Omit the pictures and return exactly the stretch of the material below from the line with "Enjoy cooling shade" through the line with "Ако държиш на".
=-=-=
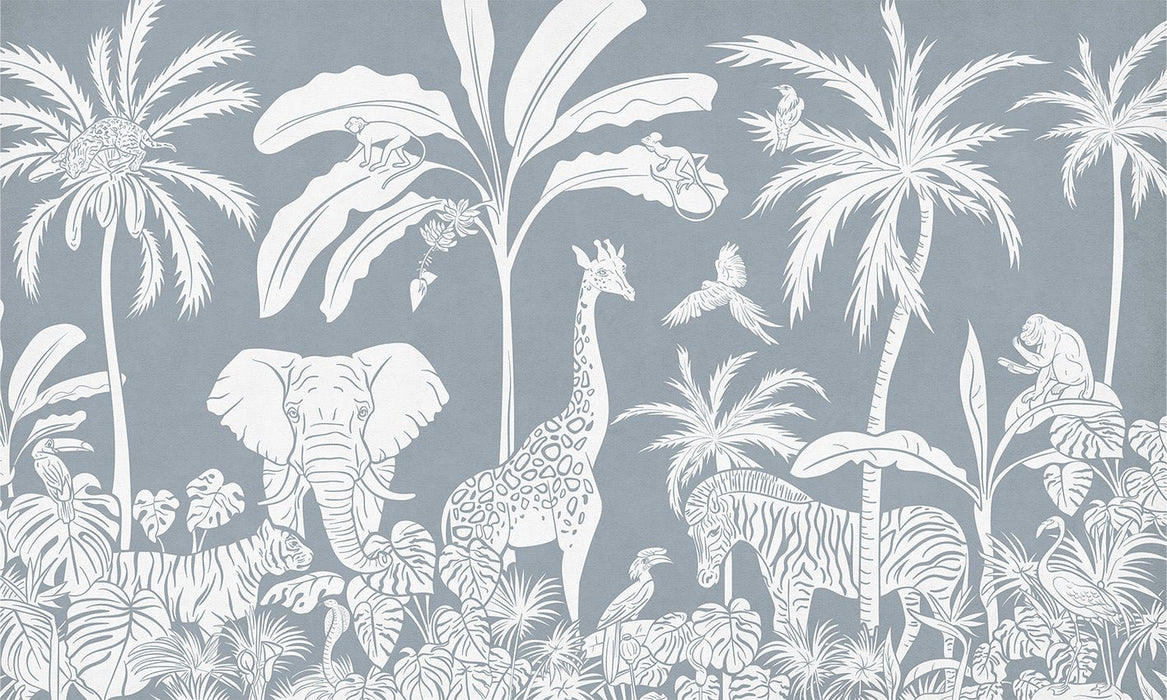 Carta da parati per bambini Safari monocromatico blu
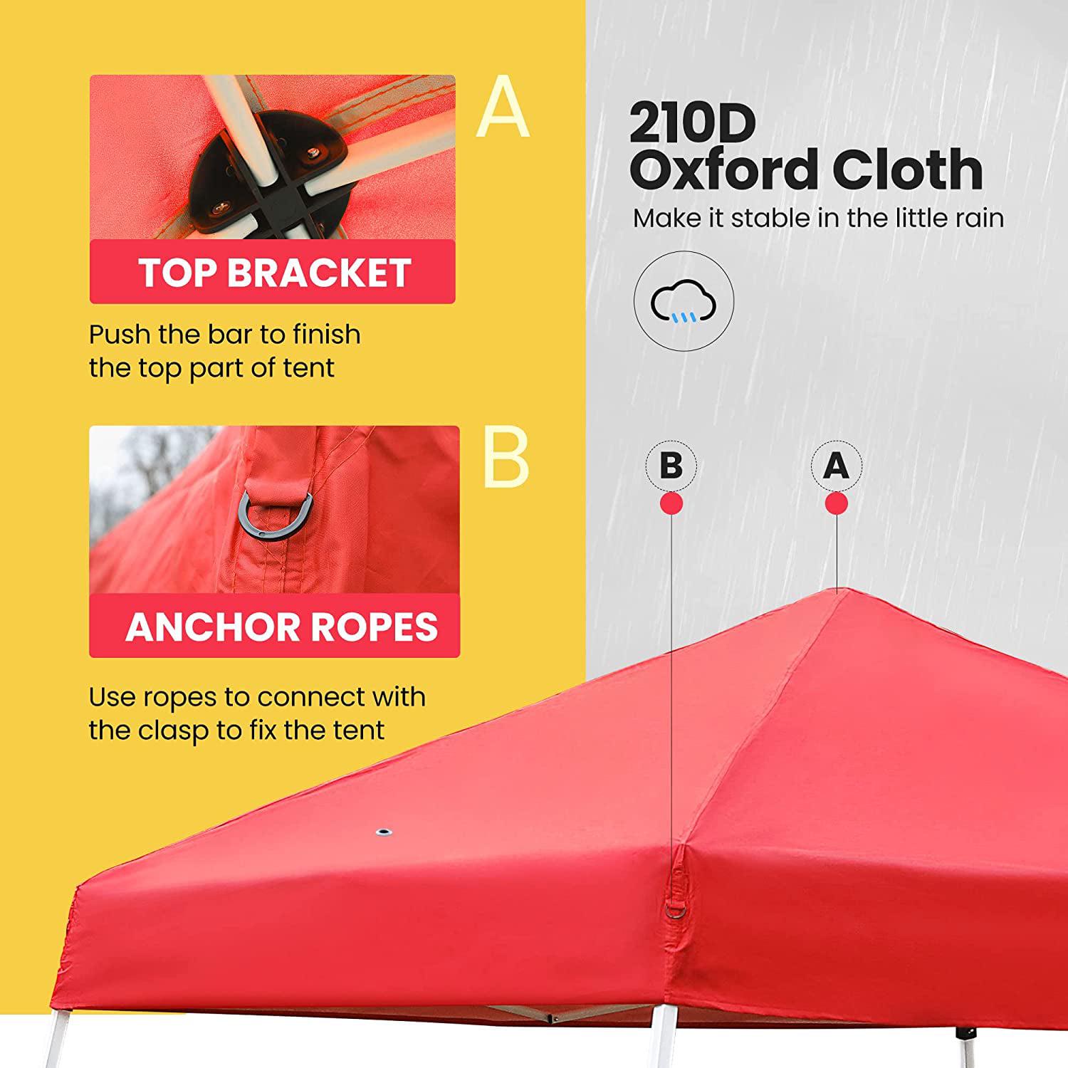 Enjoy cooling shade with the VIVOHOME Slant Leg Instant Canopy. The tent shade is made with waterproof Oxford tough fabric and interior silver lining, which is of great help in blocking out UV Rays and sun exposure. A sturdy and high-quality steel frame with a white powder-coated finish is for preventing rust, corrosion, peeling, or chipping. During your next summer, enjoy the complete shade under the sun while camping, outdoor activities, golf, football, and so on.
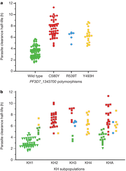 Đáng chú ý là ký sinh trùng sốt rét dọc theo biên giới Thái Lan-Myanmar dường như xuất hiện đột biến một cách riêng biệt so với những người đột biến xuất hiện ở Campuchia và Việt Nam. Điều quan trọng, quần thể ký sinh trùng trong cả hai khu vực có chung những đột biến di truyền cơ bản, mặc dù chúng cách ly về mặt di truyền một cách rõ ràng
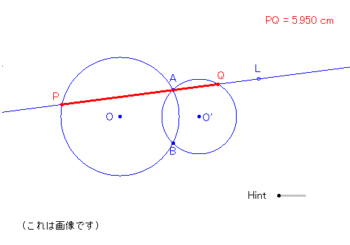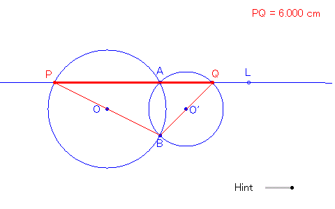 A を通る直線 L が O,O' と交わる点を P,Q と
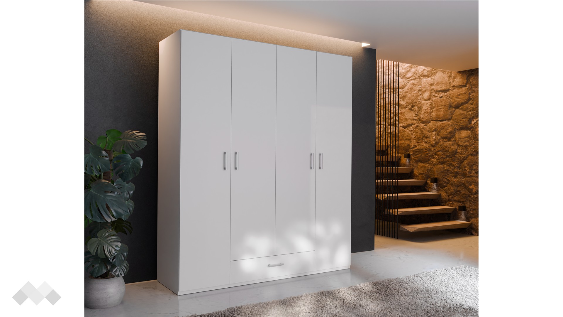 Ако държиш на стилните и практични мебели, четирикрилен гардероб Беатрис ще те впечатли. Практичен гардероб, който съчетава обема и разпределението на голям гардероб, а в същото време предлага удобството на чекмедже и рафтове, присъщи на скриновете.
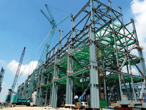 2008年7月,三一履帶起重機投入韓國現代鋼鐵廠的施工建設。截至目前,三一設備已運行3000多個小時,高效且安全環保的產品性能,在韓國廣受贊譽。圖為三一SCC3200履帶起重機正在進行吊裝作業,墨綠色的機身是應客戶需求量身打造。
=-=-=
Answer to the problem:
 Enjoy cooling shade with the VIVOHOME Slant Leg Instant Canopy. The tent shade is made with waterproof Oxford tough fabric and interior silver lining, which is of great help in blocking out UV Rays and sun exposure. A sturdy and high-quality steel frame with a white powder-coated finish is for preventing rust, corrosion, peeling, or chipping. During your next summer, enjoy the complete shade under the sun while camping, outdoor activities, golf, football, and so on.
 Đáng chú ý là ký sinh trùng sốt rét dọc theo biên giới Thái Lan-Myanmar dường như xuất hiện đột biến một cách riêng biệt so với những người đột biến xuất hiện ở Campuchia và Việt Nam. Điều quan trọng, quần thể ký sinh trùng trong cả hai khu vực có chung những đột biến di truyền cơ bản, mặc dù chúng cách ly về mặt di truyền một cách rõ ràng
 A を通る直線 L が O,O' と交わる点を P,Q と
 Ако държиш на стилните и практични мебели, четирикрилен гардероб Беатрис ще те впечатли. Практичен гардероб, който съчетава обема и разпределението на голям гардероб, а в същото време предлага удобството на чекмедже и рафтове, присъщи на скриновете.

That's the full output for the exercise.